Introduction
I’ve been working on a video game for some time now. This game has a lot of 2D spacial data I want to query.
But most of this data is sparse, so using a grid would waste a lot of memory.
As an optimization I employed a linear Quadtree. In this post I’ll explore the implementation and provide comparisions with a naive implementation.
All code mentioned in this post will be available on GitHub.
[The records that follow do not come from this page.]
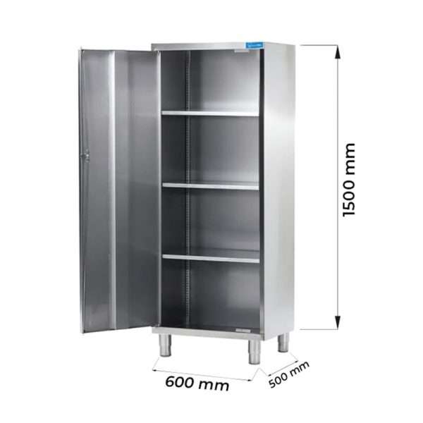 Armario de acero inoxidable con puerta batiente y 3 estantes – L600xP500xH1500 mm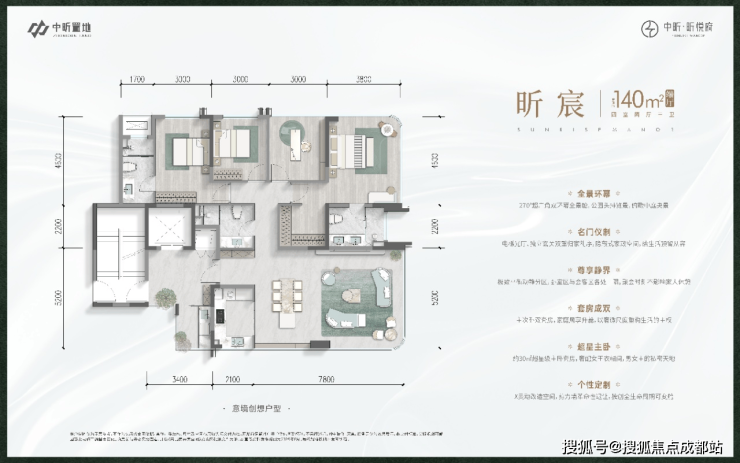 建面约140㎡四房三卫 全景视野舱,参照高端豪宅标准打造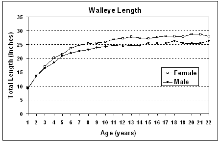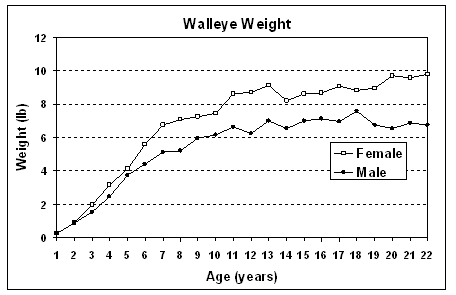 Member Posts: 1195 Location: Orland Park, IL | In all the bay of quinte trips, we caught 1 tagged fish. It was released, however, we followed up with the MNR to get some more information about the fish. See below. Thought it was interesting. ==================================================== Below are some graphs of walleye length and weight at age for your interest. These measurements were made on over 2100 walleye caught during the last 5 years in our routine index netting programs in the Bay of Quinte and eastern Lake Ontario. These fish were measured during the summer months. Fish caught at other times of year would have significantly different WEIGHT at the same AGE. For example, fish caught in late fall and early winter are heavier than those caught in the summer. Also, these lengths and weights are averages and individual fish can be bigger or smaller than the average at any given age. A 10 to 11 lb fish in the summer is huge and equivalent to a 12 lb plus fish in the fall or winter. A fish greater than 32 inches total length is huge at any time of year. Females are larger than males. Males mature one year sooner than females and this accounts for the growth difference. Most males begin to mature at age 3 years and spawn for the first time at age 4 years. Most females spawn for the first time at age 5 years. Your tagged fish was likely about 5 years-old when tagged; that would put it at about 17 years-old when you caught it. I have seen male fish as large as your fish but most likely it was a female based on its size. Your fish was caught and tagged at Witlow Point which is located just inside Hay Bay (see map below). So, that’s not too far from where you caught the fish. But remember, mature walleye migrate to Lake Ontario for summer months then return to the Bay of Quinte in the fall and winter to spawn in the spring. James A. Hoyle, Assessment Biologist Lake Ontario Management Unit Ontario Ministry of Natural Resources PS fish was tagged in Haybay. We caught him east of Glenora, north side of lake, second point. Edited by Mark Komo 2/16/2012 8:37 AM Attachments ---------------- Walleye Length BOQ.gif (5KB - 210 downloads) Walleye Weight BOQ.gif (5KB - 212 downloads) Haybay.gif (126KB - 196 downloads) | ||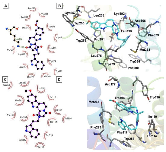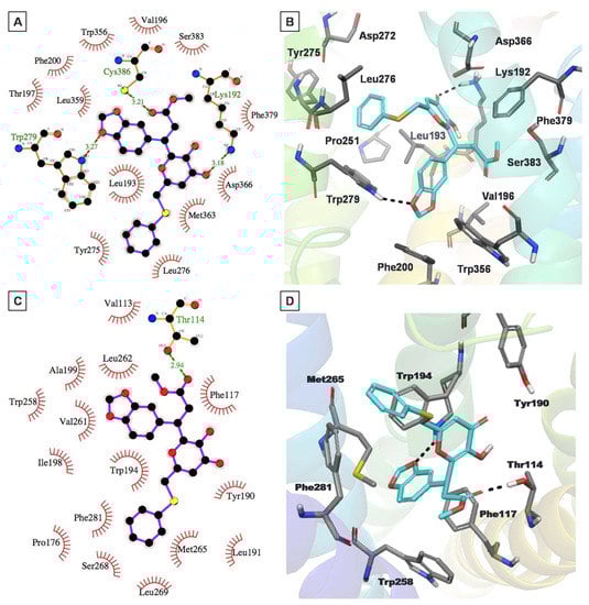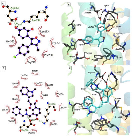 The putative binding mode for compound 2 into the CB1 (A,B) and CB2 (C,D) receptor models. Two-dimensional interaction views are shown on the left, while three-dimensional interaction views are shown on the right (ligand (cyan colored carbons) and protein binding site residues (dark grey colored carbons) are shown as sticks). The nonpolar hydrogens are not shown, for clarity.

I will use 2*4=8 byte values representing Points and 4 bytes values representing Values. Generalising the data structure will be left to the reader.
What is a Quadtree?
A Quadtree is a data structure to hold 2 dimensional spacial data.
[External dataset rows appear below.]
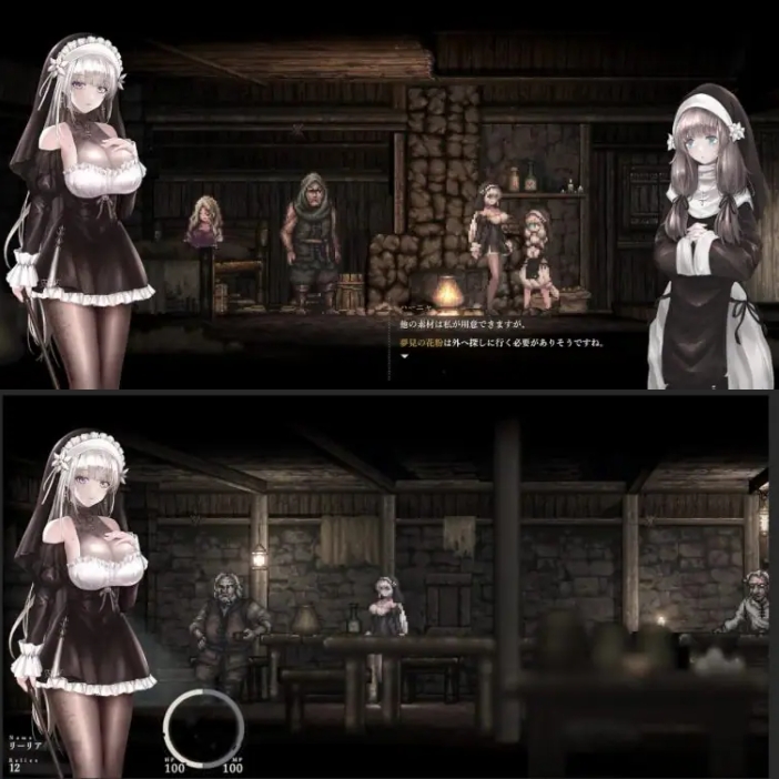 包含精心设计的像素动画、角色立绘以及反映角色状态的UI界面,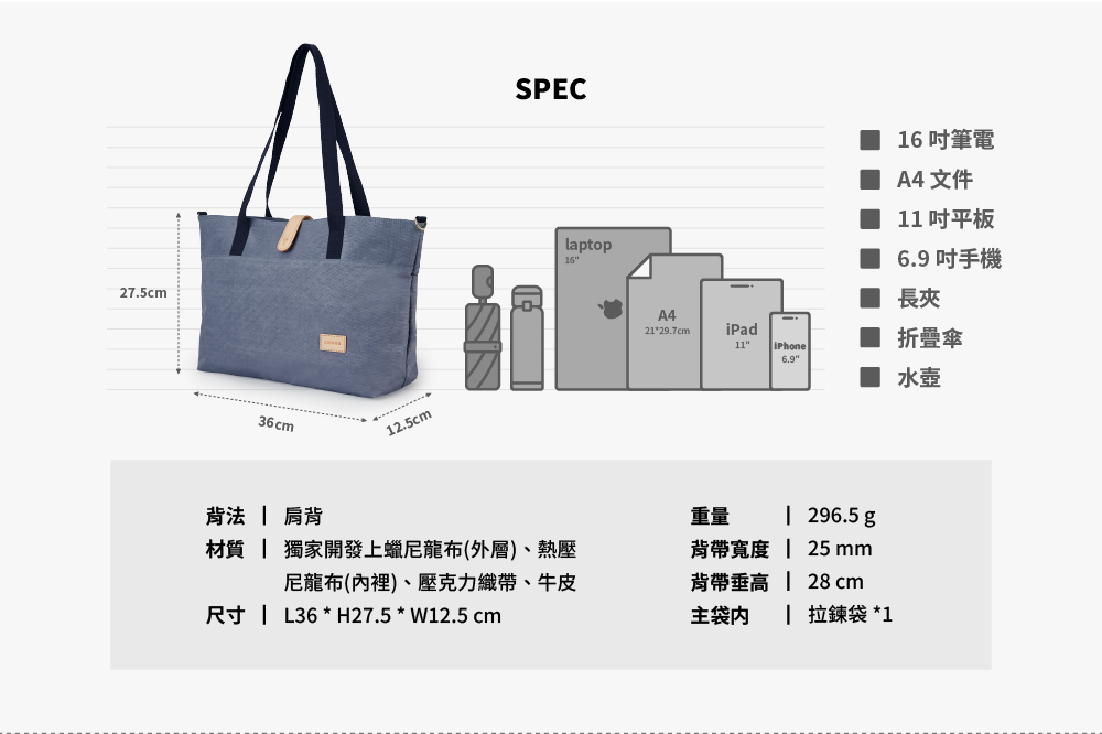 ▪ 獨家開發防潑水尼龍布料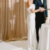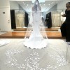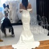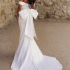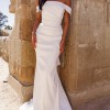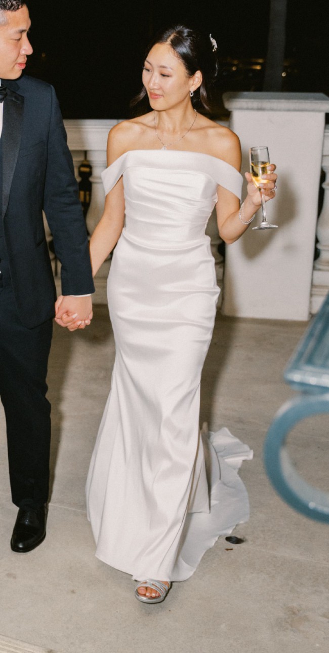 Step into a timeless, off the shoulder fitted gown that will make you feel like a trophy! It’s folded off the shoulder neckline and structured, ruched bodice are designed to flatter. There is a built-in corset that will guarantee there are no wardrobe malfunctions! As a playful twist, there’s a removable large bow. And beautiful beads trail down the center of the back for a stunning accent. This dress paired with an extra long veil (not included) will be a sight to never forget! (For reference, I am 5’5 and 110 lb.)
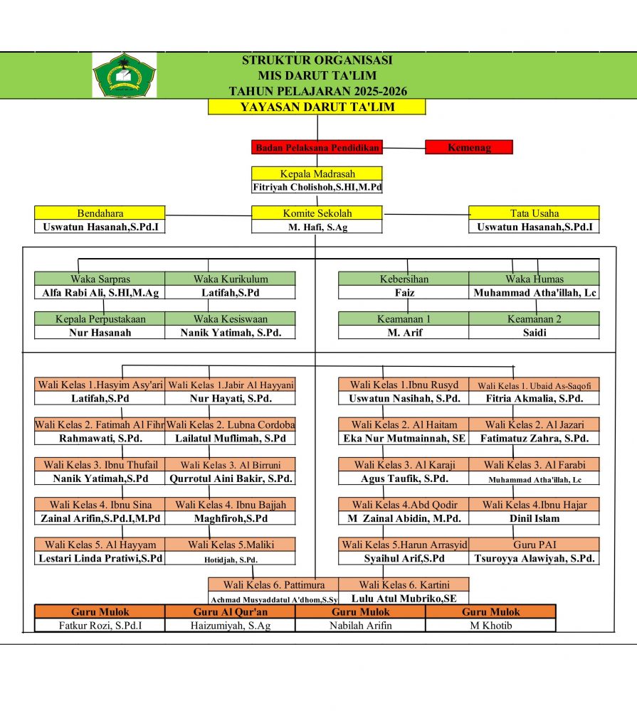 MI. Darut Ta’lim adalah lembaga pendidikan dasar formal yang mengintegrasikan kurikulum nasional dengan kurikulum pesantren. Melalui pendekatan holistik, MI Darut Ta’lim tidak hanya mengembangkan aspek akademik siswa, tetapi juga menanamkan nilai-nilai keislaman yang kuat. Salah satu program unggulannya adalah pembinaan cinta Al-Qur’an melalui kegiatan tahfidz Juz ‘Amma, sebagai fondasi akhlak dan spiritualitas sejak dini. MI Darut Ta’lim berkomitmen mencetak generasi Qur’ani yang cerdas, berakhlak, dan berdaya saing tinggi di era modern.

From the Wikipedia page: All forms of quadtrees share some common features:
- They decompose space into adaptable cells
- Each cell (or bucket) has a maximum capacity. When maximum capacity is reached, the bucket splits
- The tree directory follows the spatial decomposition of the quadtree.
Requirements
My use case has the following requirements/characteristics:
- Multiple entities may occupy a position.
- Must be able to query a range.
- Spacial data is updated once per frame. During the execution of a frame the data structure is read-only.
- Positions are represented by integer coordinates (x,y).
- I only plan on supporting x86 architecture at this time.
Naive Quadtree
The bounds of a Node.js will be given as an Axis Aligned Bounding Box (AABB). Represented by their minimum and maximum coordinates.
The quadtree’s body will be a variant of either child nodes or actual values. We will store the actual values in leaf nodes to reduce the number of items we have to probe.
The code of the implementation is available here.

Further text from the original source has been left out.